Morbert said:
Could you expand on this? I.e. What do you think is the significance of the Diosi paper re/ incompleteness of CH?
gentzen said:
The Diosi paper is a strong indication that a closer investigation of (tensor) products should have been done, or rather that issues which occur in the context of (tensor) products had been neglected before. Which issues exactly I cannot say, because I have not done that investigation either. Maybe this is related to what Griffiths writes in the section "8.4 Open issues" (or maybe not):
I now studied more in detail what people do with CH and what they
wrote about it. Basically, they do what is convenient, and this includes working with inhomogeneous histories by just algebraically adding them. Section "
8.4.1 Entangled histories" is about something less convenient, even so it also happens when you use such inhomogeneous histories for coarse graining. In conclusion, I would say that this section is unrelated to a closer investigation of (tensor) products.
Getting rid of the real part in the consistency condition is desirable, because it simplifies the structure of the theory, and is also the right thing to do in many ways. But improving the analysis of (tensor) products and independence would probably just indicate that those don't force giving up that real part.

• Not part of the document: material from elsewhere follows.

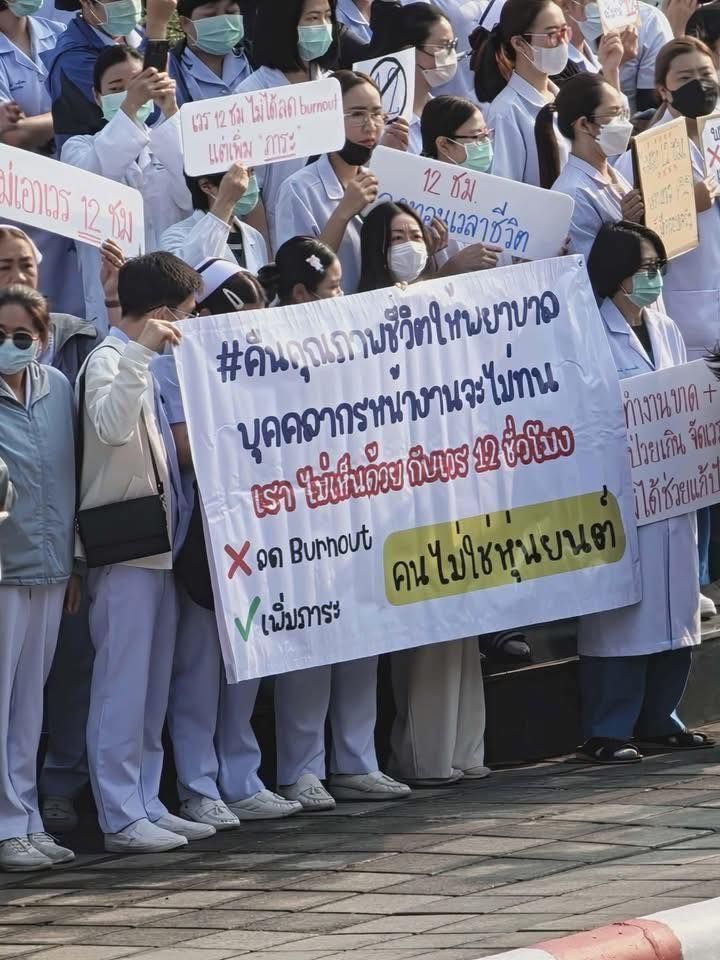 โดยบรรยากาศการรวมตัวเต็มไปด้วยเสียงสะท้อนจากผู้ปฏิบัติงานจริง โดยมีป้ายข้อความที่สื่อถึงความอัดอั้นและภาระที่หนักอึ้ง เช่น "คืนคุณภาพชีวิตให้พยาบาล บุคลากรหน้างานจะไม่ทน", "12 ชม. ไม่ได้ลด burnout แต่เพิ่มภาระ", "โปรดช่วยรับฟังความคิดเห็นของ 'ผู้ปฏิบัติงาน'", "เวร 12 ชม. มีผลต่อครอบครัว" และประโยคที่สะท้อนความรู้สึกได้ชัดเจนที่สุดคือ "ลด Burnout คนไม่ใช่หุ่นยนต์"

In a certain sense, CH is constructed in a simple but non-relativistic way. And classical logic (and probability theory) too are enforced in CH in a rather simple way. That is a strength, not a weakness. But it makes it hard to upgrade CH to QFT (without sacrificing that simplicity), and also hard to "properly" analyse locality with it (without slightly cheating, by going outside of the provided logical language, and by "proving too little").
Morbert said:
@gentzen I think it's ok to interrogate assumed distinctions in interpretations. Lubos Motl once called consistent histories a homework problem for Copenhagen. There's no problem with Saunders arguing that Hartle agrees with him if his argument is interesting (I don't know if it is). And if consistent histories as a project ends up being useful to people doing work on many worlds, great!
Saunders claims
here that people like Halliwell or Hartle would actually support MWI. I always wondered where the claim that CH and MWI were nearly identical came from. This video made me look into Saunders writtings, and indeed I could find that claim there, written in way that I did not like. Wallace later demonstrated how such "content" can be written in an appropriate way, by inserting footnotes like "I do not want to make any historical claim here as to the influence or otherwise of Dowker and Kent’s work on proponents of consistent-histories approaches: my account is intended to capture the logic of the situation, rather than its chronology." or by parenthetical clarifications like "(And indeed, this is how Hartle, on my reading, does seem to understand it; see Hartle 2010.)"
For Saunders, I didn't yet read stuff that felt like being influenced by CH, Hartle, or Gell-Mann. For Wallace, it was rather the opposite, that I first heard stuff from him, which I thought made sense, and later found out that Hartle had said similar things (I don't care who said them first, they could be wrong anyway)
What is an Observer? A Panel with James Hartle, Susanne Still, David Wallace, and Alan Guth
The Return of the Observer by James Hartle
For Wallace, what confuses me is how he can base arguments for MWI on CH, and then claim that MWI would just work for QFT, while CH seems non-relativistic to me.
Morbert said:
Also, Weinberg's objections here seem somewhat subjective. Just as a the freedom of a physicist to choose a coarse-graining is a feature not a bug, perhaps the ability to choose from different fine-grainings is also a feature.
I find his objections fair, because both Griffiths and Omnès are quite clear that they like Copenhagen in general. So it seems fair to use the general objections against instrumentalism against them.